(Collected data entries)

= = =

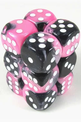Chessex - 16mm d6 Dice Block - Black-Pink/white
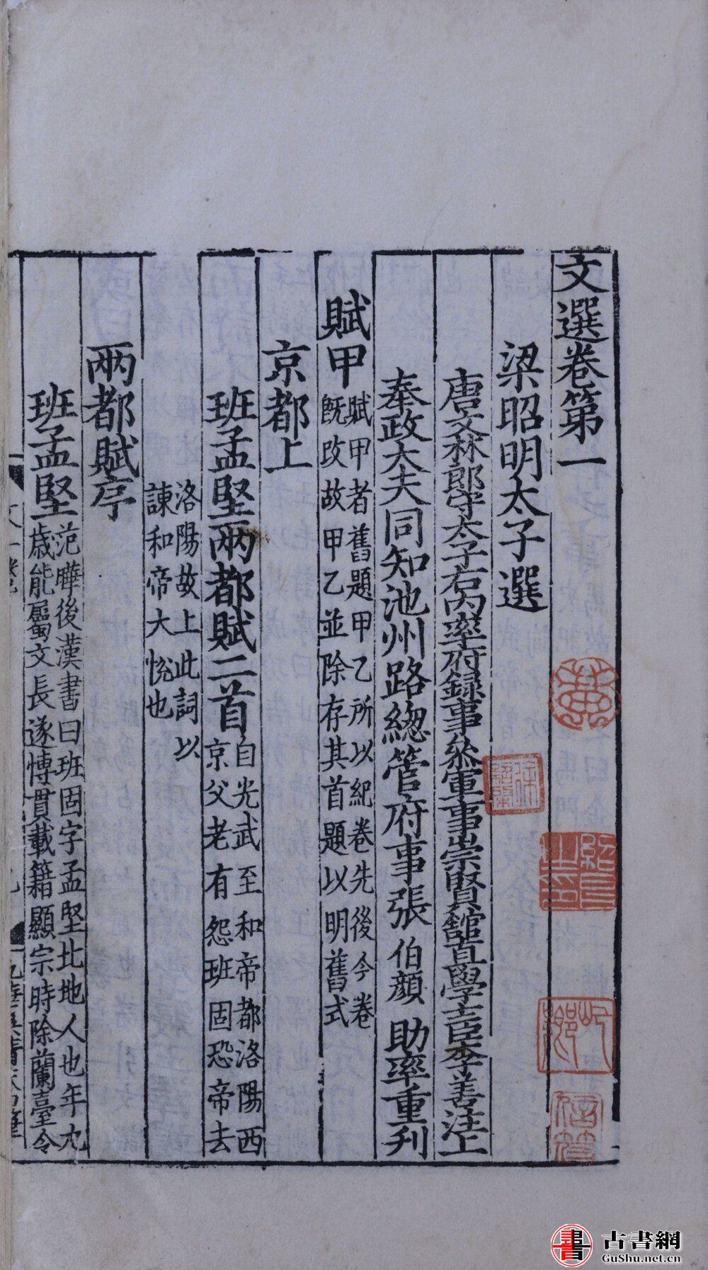 古籍.文选. 六十卷. 南《文选》是中国现存的最早一部诗文总集,由南朝梁武帝长子萧统组织文人共同编选。此《文选》由唐李善注,全书共六十卷,选录了先秦至南朝梁代八九百年间、一百多个作者、七百余篇各种体裁的文学作品。此为明嘉靖元年金台汪谅校覆刊元张伯颜本,书前目录后有书目广告(已知最早)一则。《文选》又称《昭明文选》,因萧统死后谥 “昭明”,所以他主编的这部文选称作《昭明文选》。一般认为,《昭明文选》编成于梁武帝普通七年(526)至中大通三年(531)之间。在这部总集里,萧统把我国先秦两汉以来文史哲不分的现象作了梳理和区分,他认为经史诸子都以立意纪事为本,不属词章之作,只有符合 “事出于沉思,义归乎翰藻” 的标准的文章才能入选。也就是说 ,只有善用典故成辞、善用形容比喻、辞采精巧华丽的文章,才合乎标准,《昭明文选》正是以此来划分文学与非文学界限的第一部选集。(介绍参考)
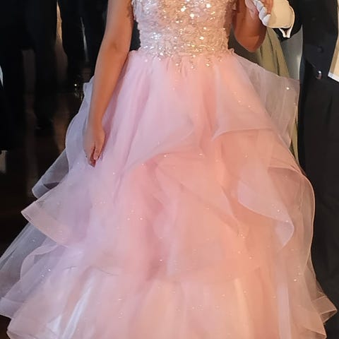 Upea, kerran tanssittu sininen (Royal Blue) vanhojentanssimekko. Mekossa on runsas, kerroksellinen glitterillä viimeistelty tyllihelma, joka liikkuu pehmeästi tanssiessa. Mekko on kevyt päällä ja todella mukava käyttää.
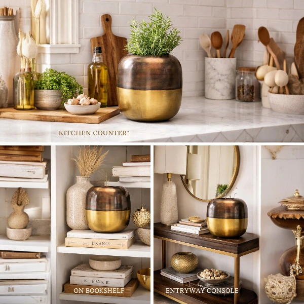Designed to complement any setting—from kitchen counters and bookshelves to entryway consoles and living spaces—this planter adds depth, warmth, and understated elegance. Whether styled with greenery or displayed on its own, it brings a polished, designer touch to your home décor.
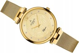Okrągła koperta o średnicy 32 mm i wysokości 8 mm, wykonana ze stali nierdzewnej w kolorze złotym, tworzy spójną całość z tarczą i bransoletą. Klasyczny design w odcieniu żółtego złota sprawia, że zegarek jest ponadczasowy i doskonale komponuje się z wieloma stylizacjami, zarówno codziennymi, jak i bardziej eleganckimi.
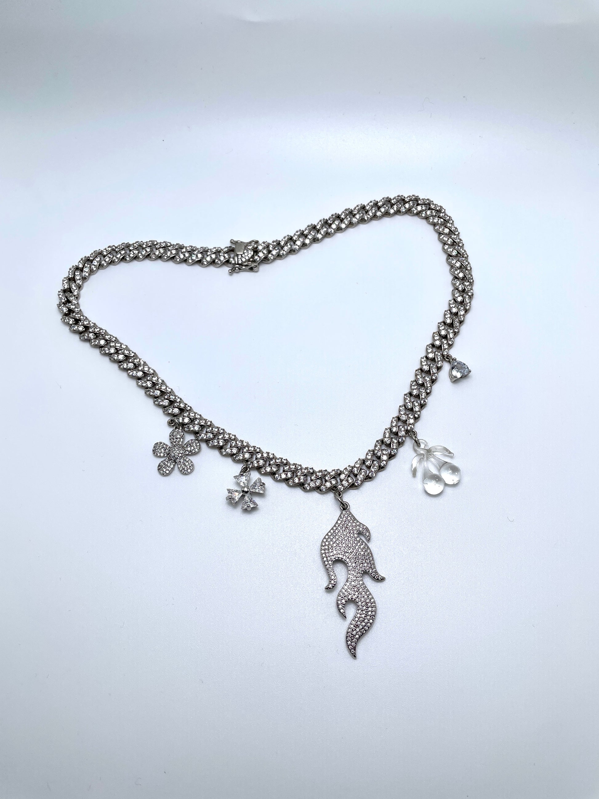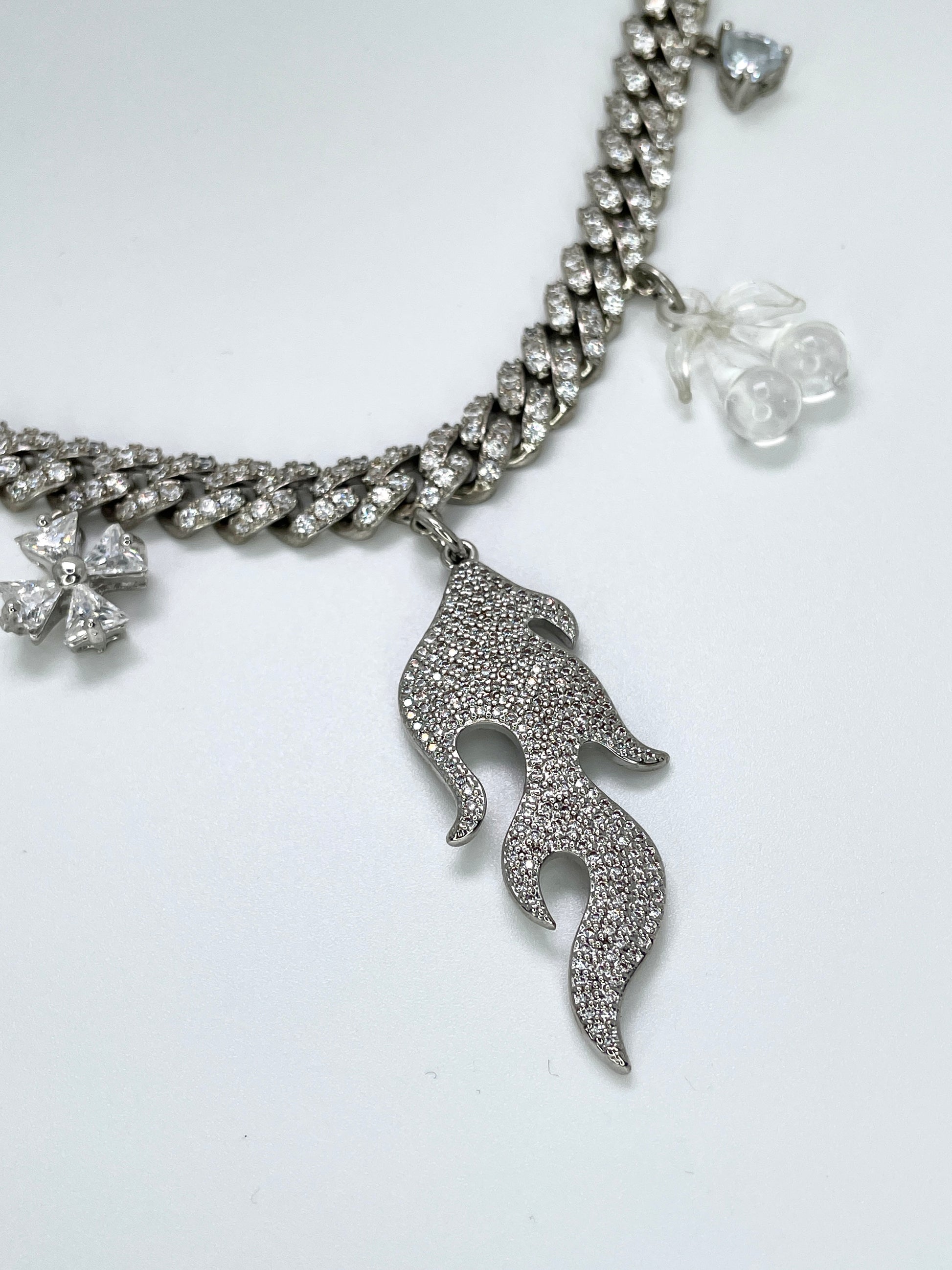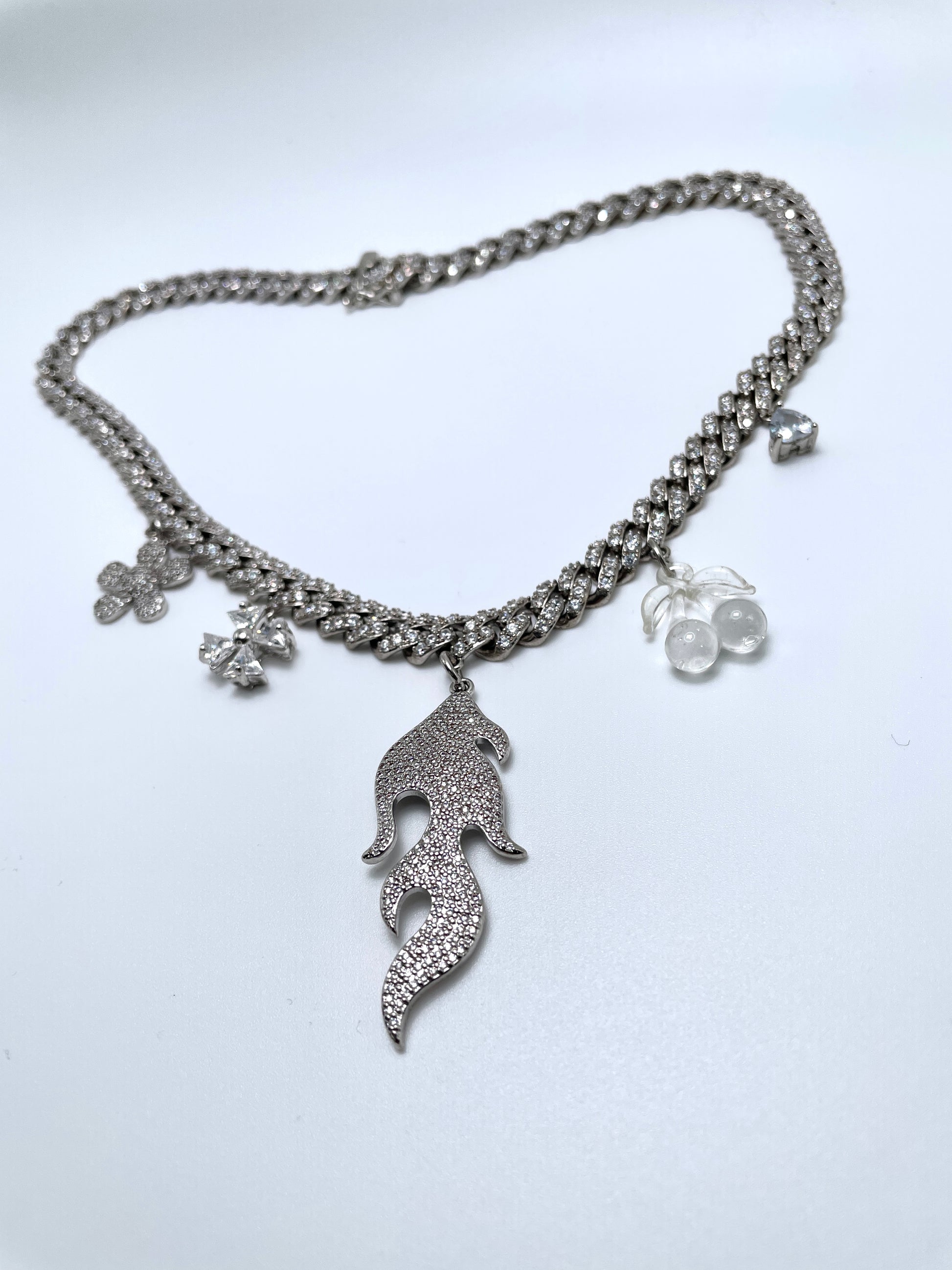 Indulge in luxury with our Cherry Noir necklace. Crafted from 925 Sterling silver and adorned with sparkling charms, this necklace is a must-have for any fashion-forward individual.
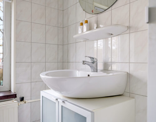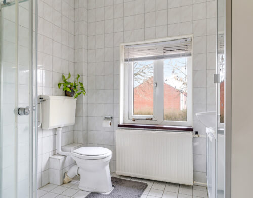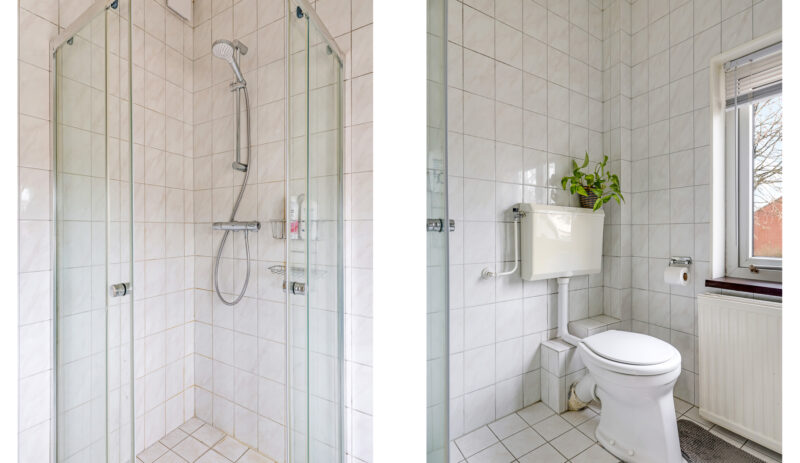 Via de overloop bereikt u drie ruime slaapkamers en de badkamer. Alle kamers zijn netjes afgewerkt en voorzien van een laminaatvloer, wat zorgt voor een rustige en uniforme uitstraling. De badkamer is praktisch ingericht met een douchecabine, een staand toilet en een wastafelmeubel.
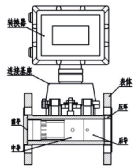 溫壓補償型氣體渦輪流量計的基本結構如圖所示,它主要由表體、機芯(前導向、中導向、后導向)、連接基座和轉換器等組成。
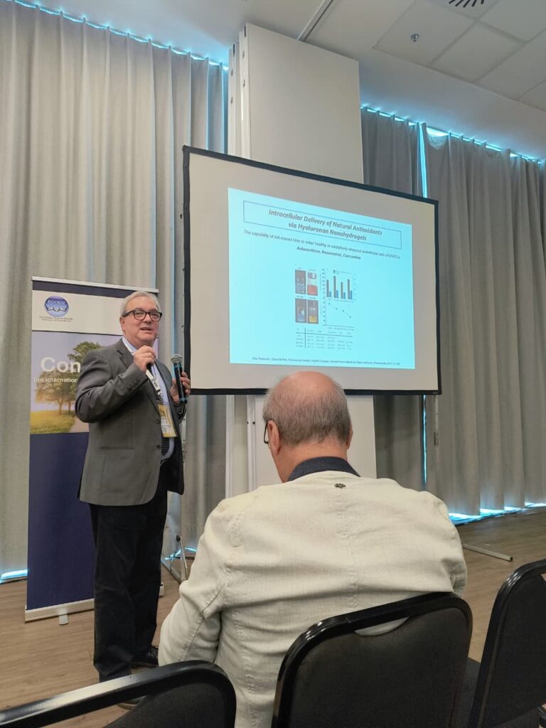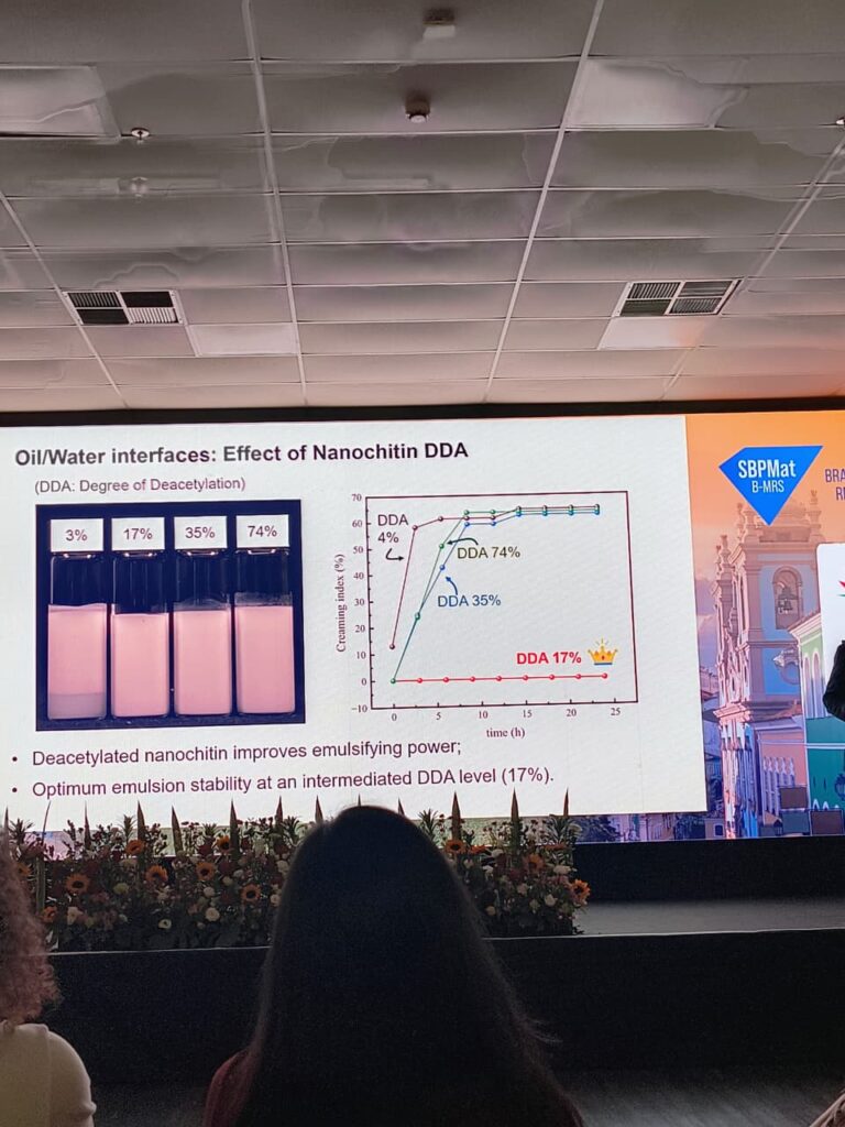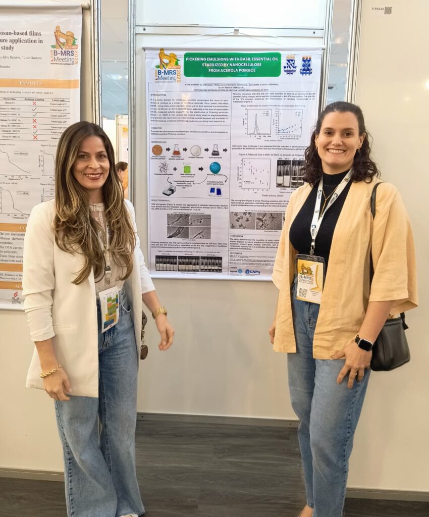 Durante o congresso, a mestranda Jéssica Ribeiro de Carvalho apresentou seu trabalho de pesquisa sobre emulsões de Pickering para aplicações em embalagens ativas, desenvolvido no âmbito do Programa de Pós-Graduação em Ciências Farmacêuticas (PPGCF) da Universidade Estadual de Feira de Santana (UEFS). A participação da aluna e de sua professora e orientadora, Dra. Geany Peruch Camilloto, foi muito importante para o desenvolvimento do trabalho, proporcionando novos aprendizados, ampliação de conhecimentos e contato com pesquisas de ponta na área.

= = =

With the pictures excluded, retype the records above verbatim.

== Solution to this problem ==
Chessex - 16mm d6 Dice Block - Black-Pink/white
 古籍.文选. 六十卷. 南《文选》是中国现存的最早一部诗文总集,由南朝梁武帝长子萧统组织文人共同编选。此《文选》由唐李善注,全书共六十卷,选录了先秦至南朝梁代八九百年间、一百多个作者、七百余篇各种体裁的文学作品。此为明嘉靖元年金台汪谅校覆刊元张伯颜本,书前目录后有书目广告(已知最早)一则。《文选》又称《昭明文选》,因萧统死后谥 “昭明”,所以他主编的这部文选称作《昭明文选》。一般认为,《昭明文选》编成于梁武帝普通七年(526)至中大通三年(531)之间。在这部总集里,萧统把我国先秦两汉以来文史哲不分的现象作了梳理和区分,他认为经史诸子都以立意纪事为本,不属词章之作,只有符合 “事出于沉思,义归乎翰藻” 的标准的文章才能入选。也就是说 ,只有善用典故成辞、善用形容比喻、辞采精巧华丽的文章,才合乎标准,《昭明文选》正是以此来划分文学与非文学界限的第一部选集。(介绍参考)
 Upea, kerran tanssittu sininen (Royal Blue) vanhojentanssimekko. Mekossa on runsas, kerroksellinen glitterillä viimeistelty tyllihelma, joka liikkuu pehmeästi tanssiessa. Mekko on kevyt päällä ja todella mukava käyttää.
Designed to complement any setting—from kitchen counters and bookshelves to entryway consoles and living spaces—this planter adds depth, warmth, and understated elegance. Whether styled with greenery or displayed on its own, it brings a polished, designer touch to your home décor.
Okrągła koperta o średnicy 32 mm i wysokości 8 mm, wykonana ze stali nierdzewnej w kolorze złotym, tworzy spójną całość z tarczą i bransoletą. Klasyczny design w odcieniu żółtego złota sprawia, że zegarek jest ponadczasowy i doskonale komponuje się z wieloma stylizacjami, zarówno codziennymi, jak i bardziej eleganckimi.
 Indulge in luxury with our Cherry Noir necklace. Crafted from 925 Sterling silver and adorned with sparkling charms, this necklace is a must-have for any fashion-forward individual.
 Via de overloop bereikt u drie ruime slaapkamers en de badkamer. Alle kamers zijn netjes afgewerkt en voorzien van een laminaatvloer, wat zorgt voor een rustige en uniforme uitstraling. De badkamer is praktisch ingericht met een douchecabine, een staand toilet en een wastafelmeubel.
 溫壓補償型氣體渦輪流量計的基本結構如圖所示,它主要由表體、機芯(前導向、中導向、后導向)、連接基座和轉換器等組成。
 Durante o congresso, a mestranda Jéssica Ribeiro de Carvalho apresentou seu trabalho de pesquisa sobre emulsões de Pickering para aplicações em embalagens ativas, desenvolvido no âmbito do Programa de Pós-Graduação em Ciências Farmacêuticas (PPGCF) da Universidade Estadual de Feira de Santana (UEFS). A participação da aluna e de sua professora e orientadora, Dra. Geany Peruch Camilloto, foi muito importante para o desenvolvimento do trabalho, proporcionando novos aprendizados, ampliação de conhecimentos e contato com pesquisas de ponta na área.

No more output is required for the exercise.